Para o diretor da Escola Nacional de Formação do PT, o partido envelheceu e perdeu contato com as periferias hoje “ocupadas pelo tráfico, pela milícia e pelos neopentecostais”. “Não é mais o mundo do ABC, do movimento sindical, da carteira assinada, é o mundo da informalidade, desse salto de comunicação que a Internet trouxe, como é que nós vamos pensar essa participação?”
É com esse público, especialmente com os evangélicos, que a esquerda tem que aprender a dialogar, diz. “Durante a campanha, o Lula resistiu muito a essa ideia de que tinha que se comunicar especificamente com esse grupo. Ele dizia: ‘eu sou candidato de todos, eu vou falar pra todos. Porque o evangélico também é operário, dona de casa, estudante’. A mudança veio no final do segundo turno, com a carta aos evangélicos, mas sempre com resistência de Lula.
“Aquela carta foi um parto, ele não queria. Teve uma tarde que uma senadora do Maranhão, a Eliziane Gama, o enfrentou e disse: ‘O senhor não pode por causa de um capricho pôr a perder uma eleição. Porque eu sou crente e estou vendo o que está acontecendo’. Aí ele acabou cedendo. “ O Lula tem uma fé pessoal muito fundada, herança da mãe, dona Lindu, mas ele tem um pudor ético muito grande em usar a fé como elemento eleitoreiro. Ele falava pra gente: ‘Eu não ponho o pé numa igreja numa campanha eleitoral’. Ele não quer se aproveitar da fé do povo, é muito bonito, mas ao mesmo tempo ele radicaliza isso e não leva em conta no que se transformou o Brasil”.

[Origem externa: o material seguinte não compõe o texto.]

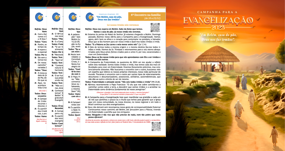 O Setor de Campanhas da Conferência Nacional dos Bispos do Brasil (CNBB) preparou quatro roteiros catequéticos com um itinerário espiritual para ser vivenciado no período do Advento em preparação ao nascimento de Jesus. Em cada roteiro, as pessoas também poderão, por meio do QR code que aparece impresso, acessar um vídeo de reflexão sobre o tema proposto com cada um dos quatro integrantes da presidência da CNBB.
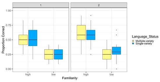 The four additional models differed in which measures predicted performance. The full model outputs are provided in Appendix A. For the multiple-variety exposure group and high-familiarity items, the model revealed significant effects for block (p = 0.049) and recalling sentences (p = 0.029). As expected performance was better on the second block compared to the first, and children with higher scaled scores for recalling sentences performed better on the word recognition task. No other predictors reached significance. All vif values were less than or equal to 4.22, and kappa was 6.08. For the multiple-variety exposure group and low-familiarity items, the model only revealed a significant effect of recalling sentences (p = 0.043) in the expected direction. No other predictors reached significance. All vif values were less than or equal to 4.43, and kappa was 6.07.

Para Gilberto, sem esse diálogo com os evangélicos e um projeto sólido de educação popular – o que inclui também um novo projeto de comunicação – “o risco de repetir 2013, e 2016 sobretudo, está dado”. Confira a entrevista.
Como o governo Lula está tratando da articulação com os movimentos sociais, com a sociedade civil, com a reconstrução dos conselhos com a participação da sociedade civil?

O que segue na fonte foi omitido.